A British art historian, known for his television appearances, is facing a ban by a popular university debating organization after imitating Hitler during a discussion of the topic, “There is no such thing as good taste.”
Shortly after the debate, it was revealed that Andrew Graham-Dixon was placed on a “blacklist” of speakers at the Cambridge Union debating and free speech society.
The new blacklist was announced by Cambridge Union president Keir Bradwell, BBC News reported.
Graham-Dixon said that he was attempting to “underline the utterly evil nature of Hitler" but also apologized for his imitation.
“In my speech I caricatured Hitler, briefly, paraphrasing his crass and insensitive statements about art and race,” Graham-Dixon said. "I apologize sincerely to anyone who found my debating tactics and use of Hitler's own language distressing; on reflection I can see that some of the words I used, even in quotation, are inherently offensive."
In the debate, which took place last week, Graham-Dixon used the example of Hitler to demonstrate the difference between bad taste and good taste. To prove his point, he made the attempt to prove how bad taste and morally bad behavior are often one and the same by imitating Hitler’s rhetoric.
Blackwell told Cambridge Union members: "I would like to offer my unreserved apology for the comments made by a speaker in our debate on Thursday night. Neither I nor the society condones the thoughtless and grotesque language used by the individual in question, and I am sorry for my failure to intervene at the time.
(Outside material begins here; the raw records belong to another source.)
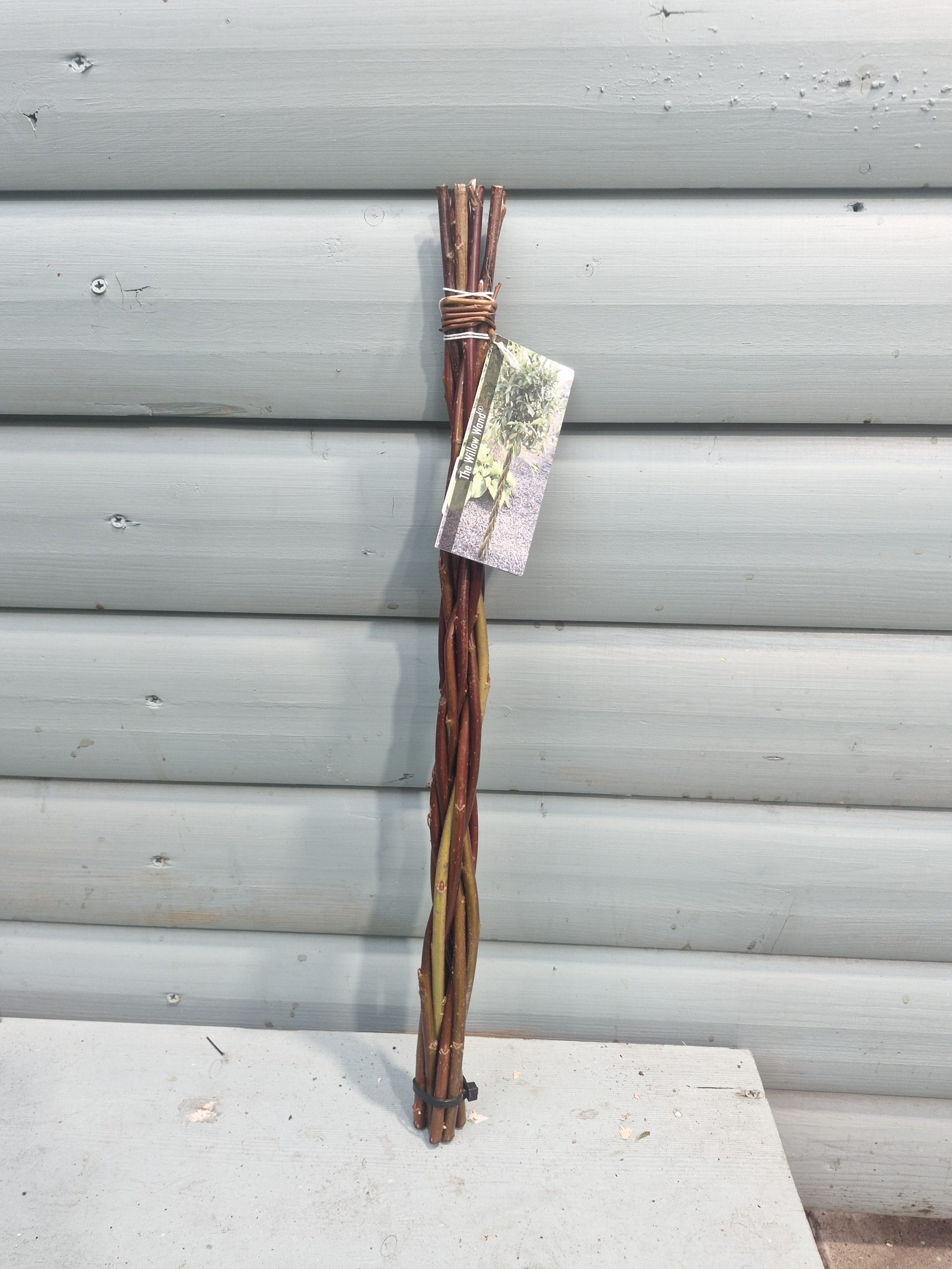 The buds which grow on the woven stem must be rubbed off regularly to maintain the twisted design. The buds which develop above the dried decorative willow band should be allowed to develop into crown growth.
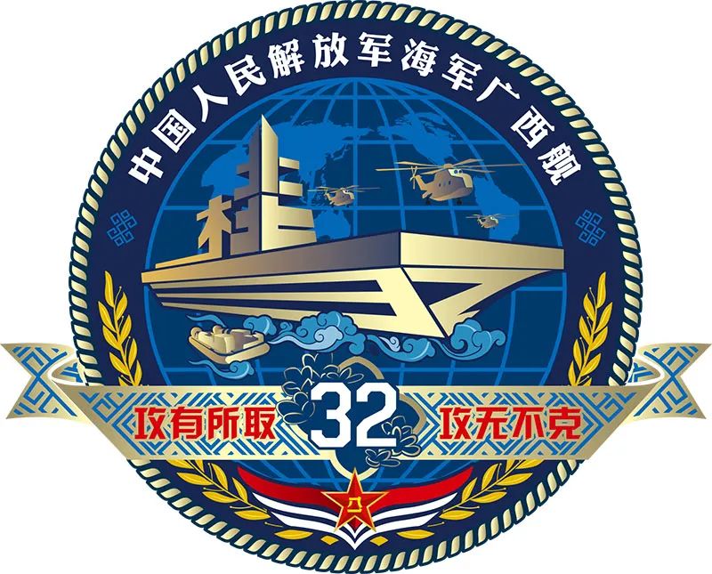 广西简称“桂”,该舰徽以“桂”字为主体造型,“攻有所取 32 攻无不克 ”飘带造型融入了广西壮族元素,衬托舷号“32”的花朵是广西具有代表性的桂花。
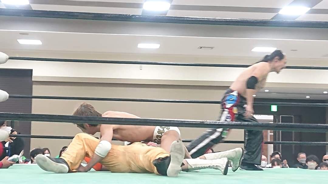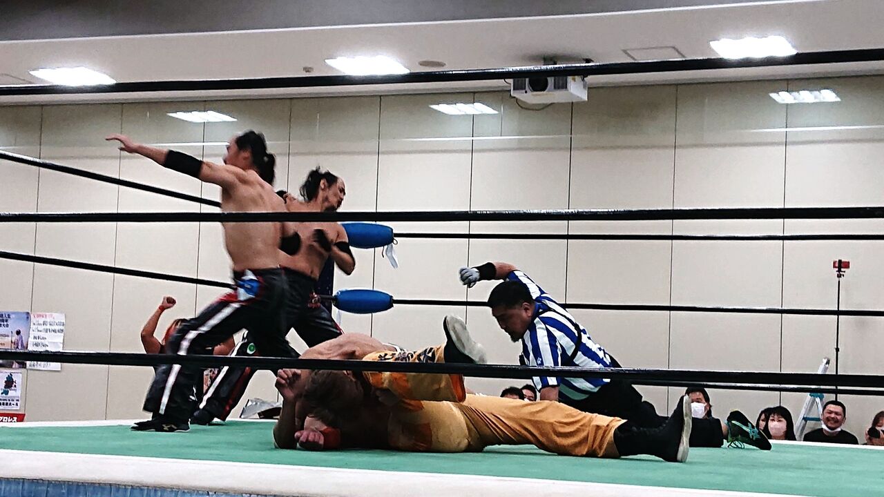 予想以上に奇想天外な攻防を繰り広げた末、最後はバラモン兄弟の援護射撃を受けて、グレートサスケ選手からめでたく3カウントを奪うことが出来ました😊
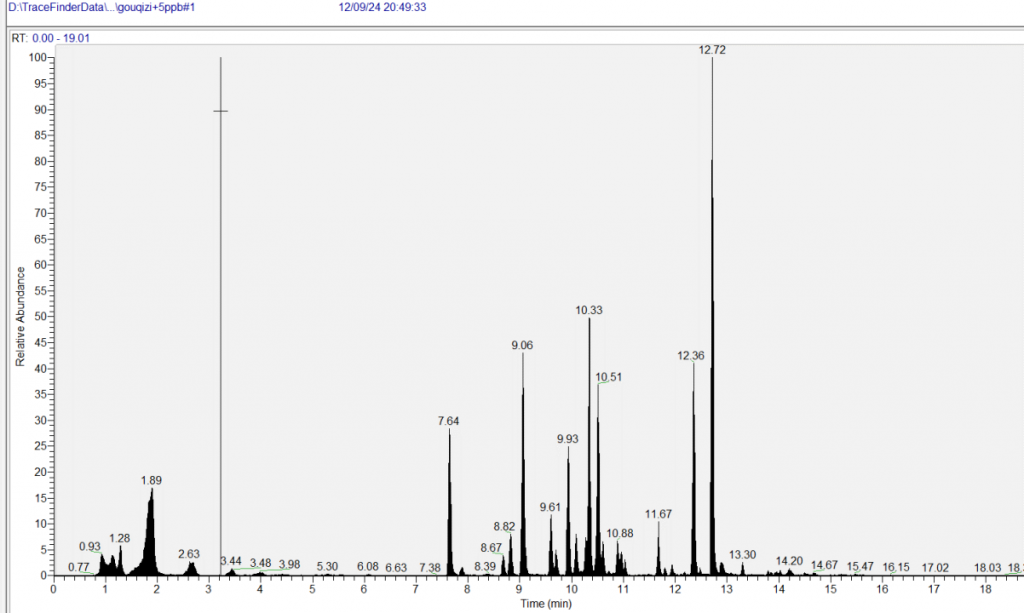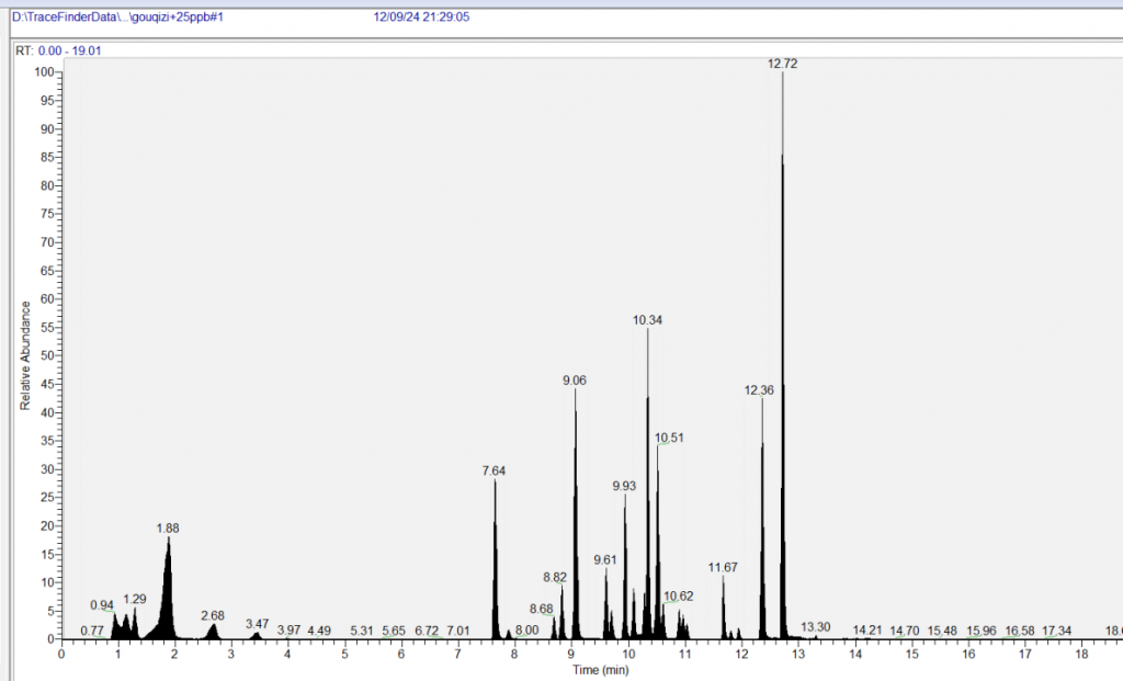 图4 添加水平为0.5mg/kg枸杞子样品中农药残留量的TIC图(LC-MS/MS)
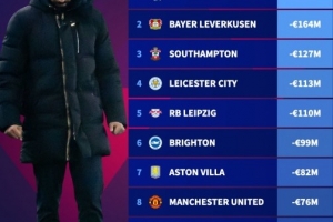 以下為2025年俱樂(lè)部身價(jià)下跌榜:
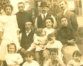 This is a picture with the family with E.G.'s partner, Felix Milhomme, and his son, Alex. Back row: Bella, Jules (E.G.'s brother), Mr. Millhome, E.G. himself. Middle row: Jacques Ernest (E.G.'s father), Antoinette with Howard and Lester, Helene, E.G.'s sister. Front row, subject to question: Rose, Paul or George, Alex Milhomme, Paul or Felix's other son, Paul Milhomme. NOTE: See also the page "La Famille 2001" (La Famille 2001) under the "French Roots" tab for more discussion on the family history and recent research in France.
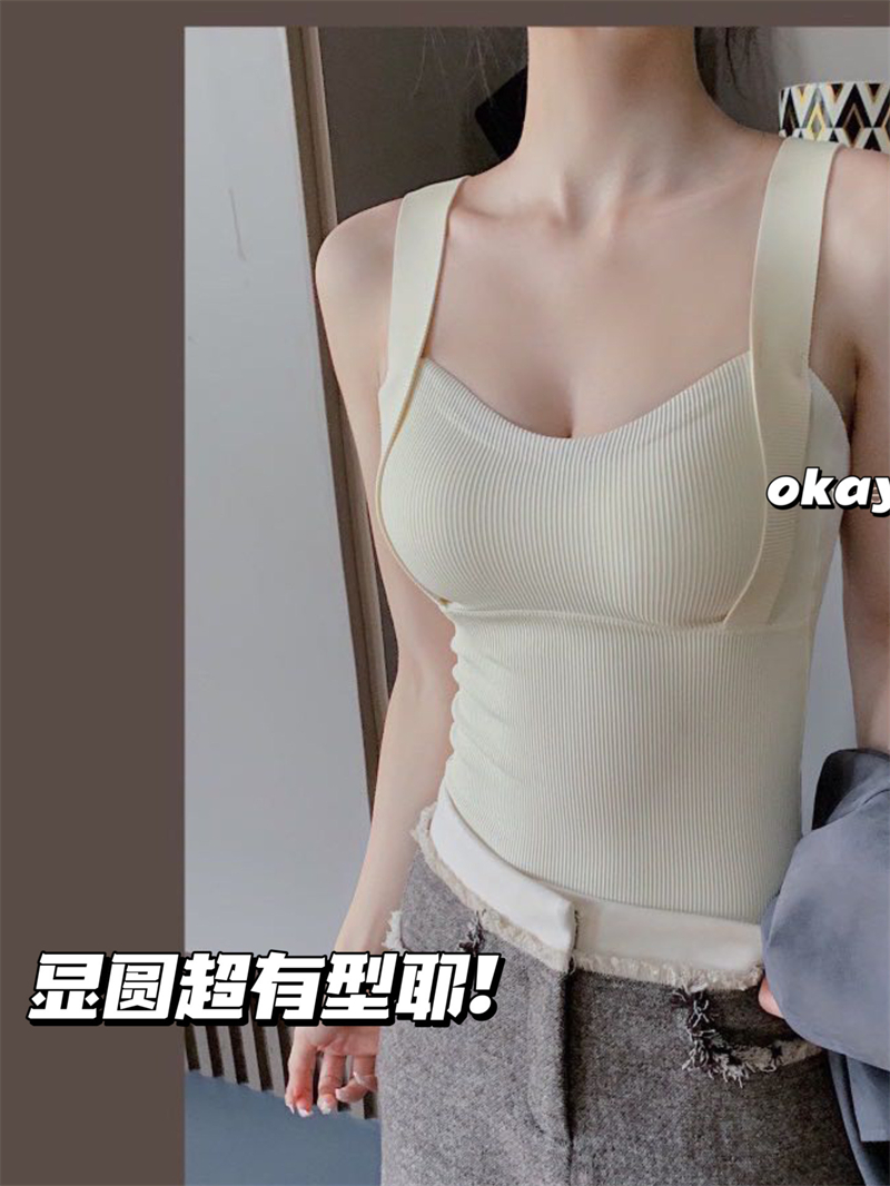 🔻半固定一体式罩杯,圆润饱满胸型,免穿bra!
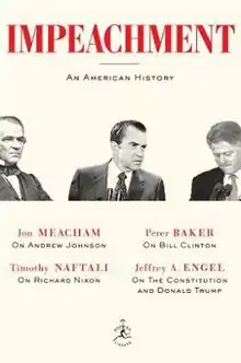 Impeachment: An American History is a 2018 book by Jon Meacham, Timothy Naftali, Peter Baker, and Jeffrey A. Engel, published by Modern Library. Meacham, Naftali, and Baker describe the impeachments (or in the case of Nixon, unfinished impeachment proceedings) of Andrew Johnson, Richard Nixon, and Bill Clinton, respectively. Engel writes about the concept of impeachment and the likelihood of Donald Trump being impeached.[1]
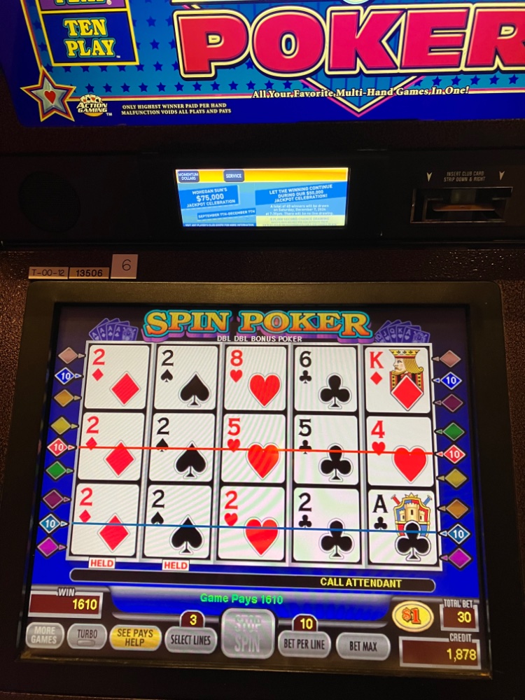 I went back up Thursday evening and played dollar DDB which I never do. I guess it was the Mrs track record compared to mine that convinced me to give it a try. On my 800 for one machine, I could only get 9/5 not 9/6. I came very close to getting a dealt Royal ( pic ) Hit 4 Aces once, but overall was on the ropes and near the end of my rope as well when the hand pay came in. ( bet was way too high ) but that’s where the Clone took me. I ended up even after 7 percent for the stupid State withholding. ( my choice ) to avoid a big estimated tax penalty. I didn’t play Ultimate X which the Mrs prefers. I don’t think my bankroll would have held up unless I had other high multiplier hits along the way. On the way home, today I just missed hitting a coyote wolf hybrid on 95 in Old Saybrook. Literally by an inch or two. Ran right across the front of my car from the woods. Something told me to slow down from 70 to 55 and I did. Seconds later…..there he was. Big too!!
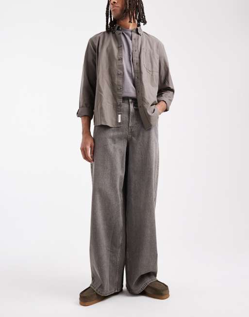 COLLUSION - X003 - Jeans a fondo ampio e vita medio alta grigio slavato
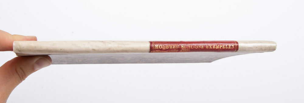 Sm. 4to., half-vellum, newly bound, red and gilt-stamped title on spine, title page with vignette and small stamp in red, pp. 33-34 repaired with Japanese paper. 100 life lessons and their explanation. Rare.

I and my committee represent an intelligent and diverse membership; I am disappointed that this debate let a number them down this week.”
He added: “The debate was on the motion, ‘This house believes there is no such thing as good taste’. The speaker in question employed a crass and deeply insensitive impression of Hitler to make the point in opposition that there is such a thing as bad taste, and that therefore there must be such a thing as good taste. It was inexcusable, and I regret not intervening.”
Cambridge campus Jewish groups said they were appalled at the historian’s impression.
“Whilst we understand it was a light-hearted debate, the impression of Hitler and language used was insensitive and made a number of people feel uncomfortable and represents a serious misjudgement on the part of the speaker,” Cambridge JSoc said in a statement.
Bradwell said that he was acting in response to concerns from Jewish students and other members of the university, and that as Cambridge Union president he would “create a blacklist of speakers never to be invited back,” The Daily Telegraph reported. He said that Graham-Dixon would be on the list.